**PROBLEM REQUIREMENTS**
The material below should be copied line for line, please, with pictures omitted.

**DATA SECTION**
..............................
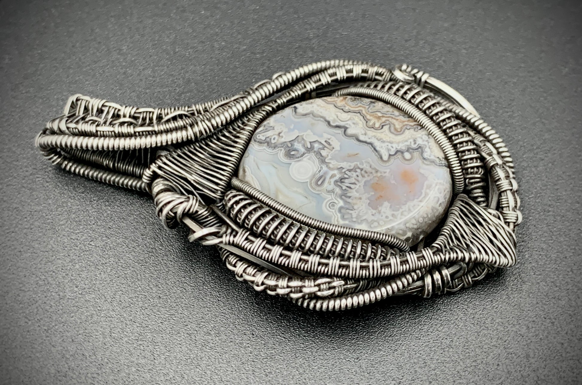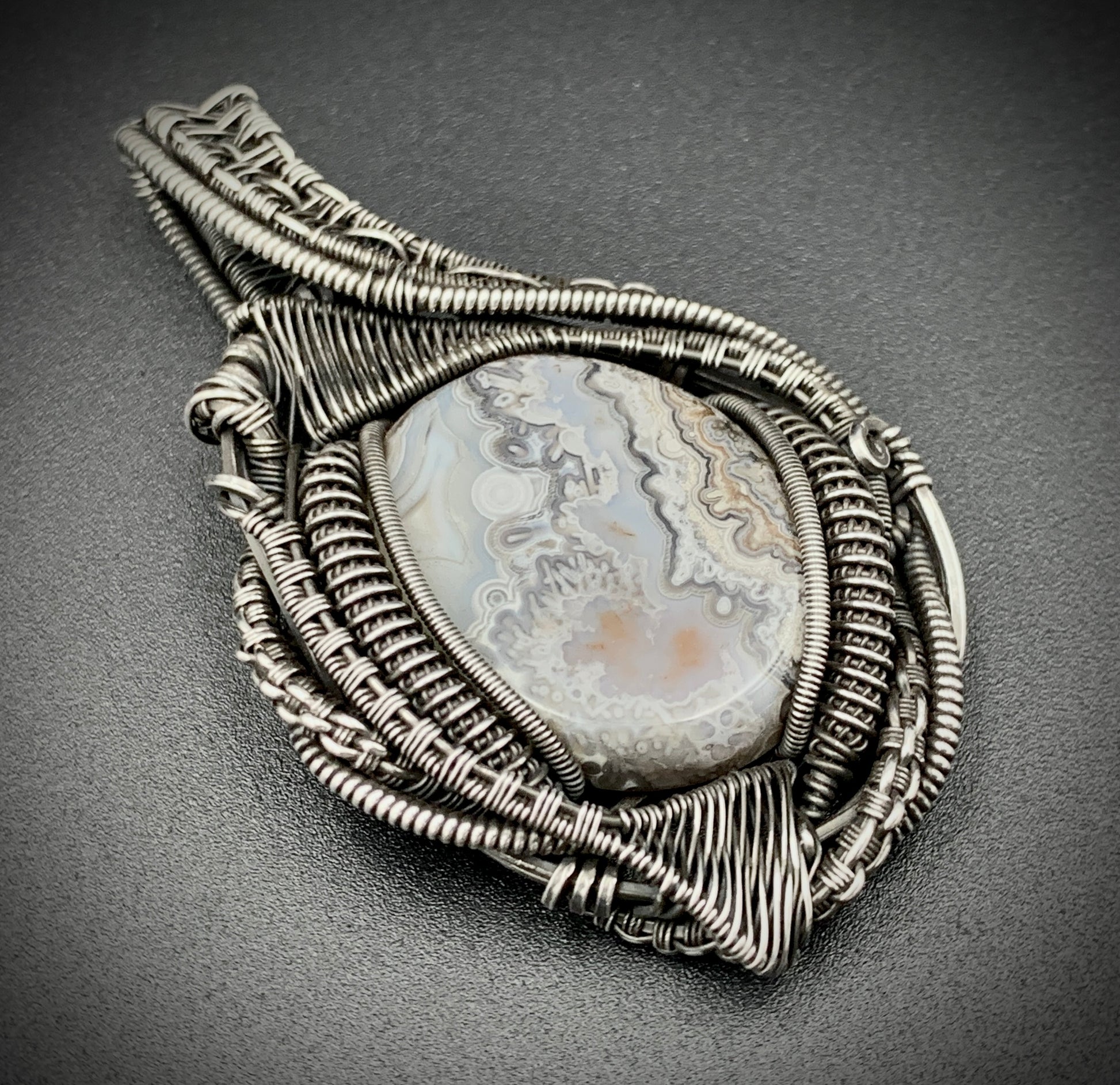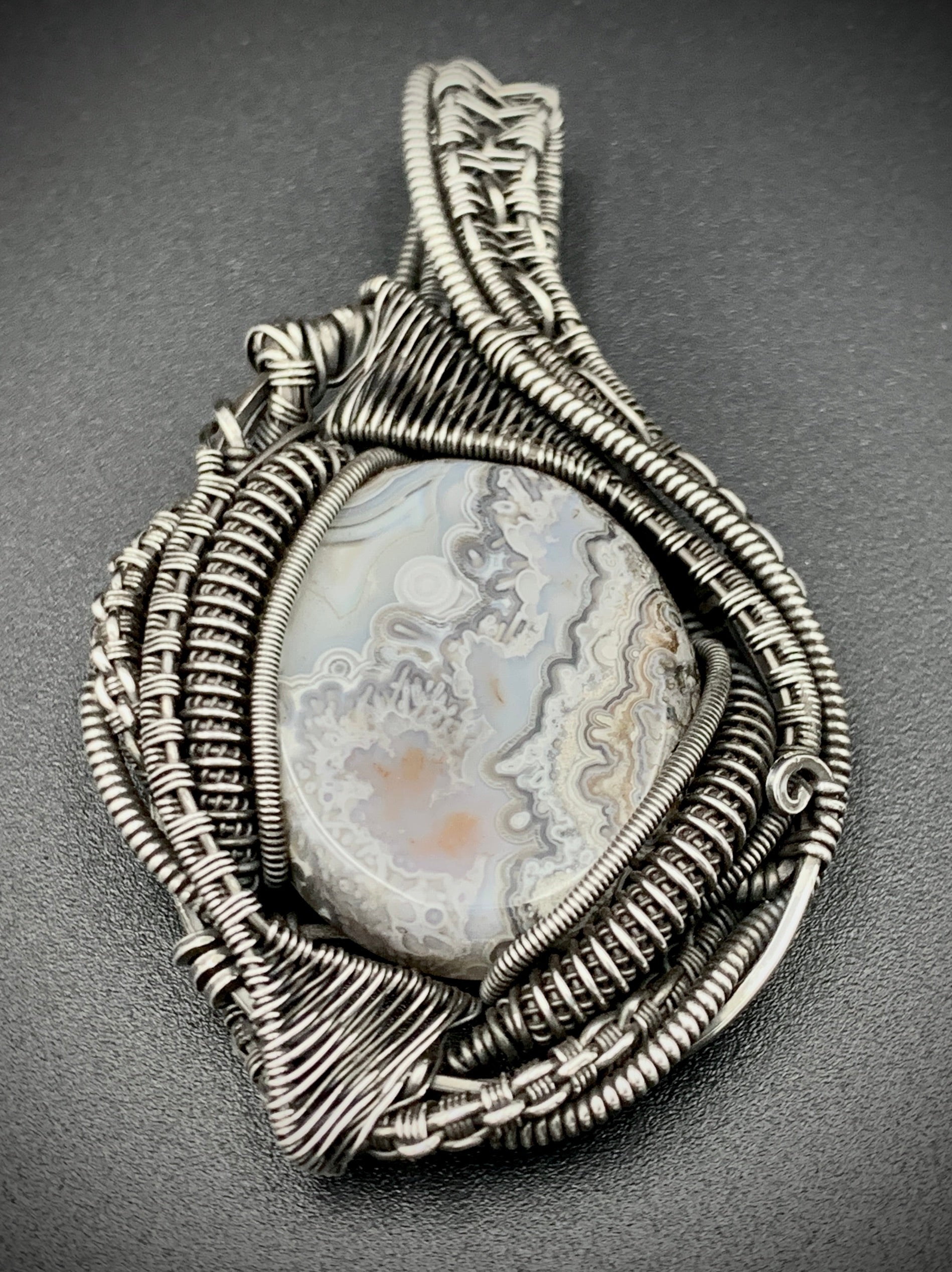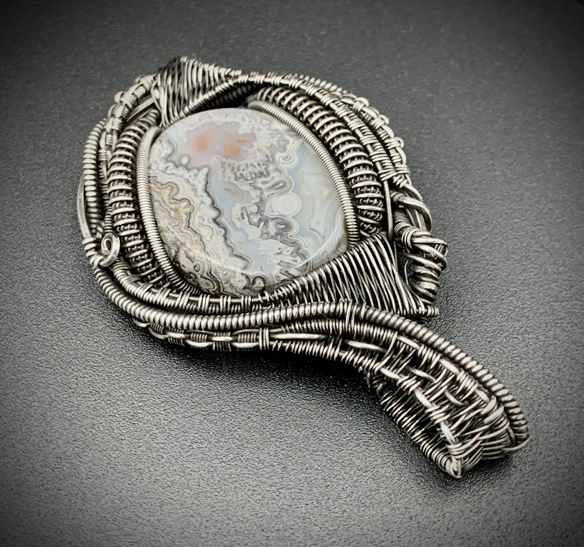 This one-of-a-kind pendant is hand-wrapped with sterling silver wire, featuring a gorgeous agate cabochon woven into the braided design. Embrace the peaceful warrior within you with this powerful piece! Crafted with love in my 100% solar-powered off-grid silversmithing studio.
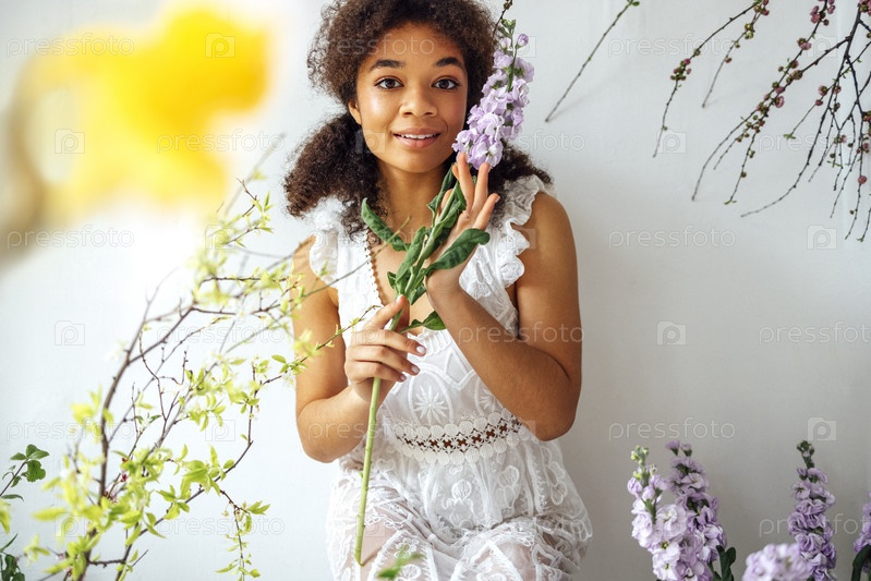Красивая улыбающаяся афроамериканка в белом кружевном платье держит в руке цветок
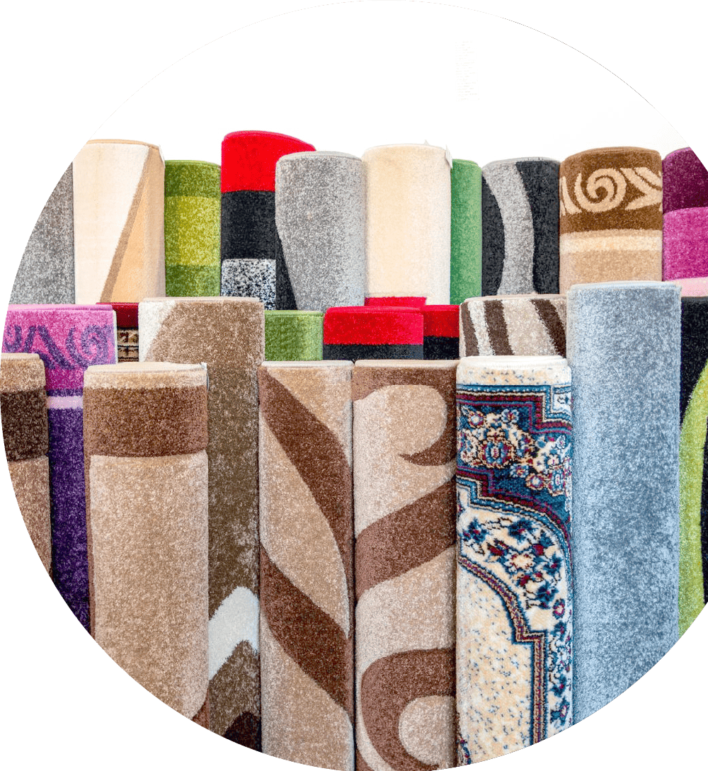 ホットカーペットカバー、平織りカーペット、タフテッドカーペット(裏にフェルト・麻などの生地が張られているもの)、レーヨンカーペットウイルトンカーペット(ウール、ウール混紡、ポリエステル、アクリル、ポリプロピレン)シャギーカーペット(毛足が1㎝以上あるもの)フック緞通(手作業で立体的な彫刻作業が施されており、白やベージュ色などの裏張りがるもの)中国ウール緞通、パキスタン絨毯、アフガンカーペット、インドウールカーペット、チベット絨毯
..............................
**WRITTEN RESPONSE**
 This one-of-a-kind pendant is hand-wrapped with sterling silver wire, featuring a gorgeous agate cabochon woven into the braided design. Embrace the peaceful warrior within you with this powerful piece! Crafted with love in my 100% solar-powered off-grid silversmithing studio.
Красивая улыбающаяся афроамериканка в белом кружевном платье держит в руке цветок
 ホットカーペットカバー、平織りカーペット、タフテッドカーペット(裏にフェルト・麻などの生地が張られているもの)、レーヨンカーペットウイルトンカーペット(ウール、ウール混紡、ポリエステル、アクリル、ポリプロピレン)シャギーカーペット(毛足が1㎝以上あるもの)フック緞通(手作業で立体的な彫刻作業が施されており、白やベージュ色などの裏張りがるもの)中国ウール緞通、パキスタン絨毯、アフガンカーペット、インドウールカーペット、チベット絨毯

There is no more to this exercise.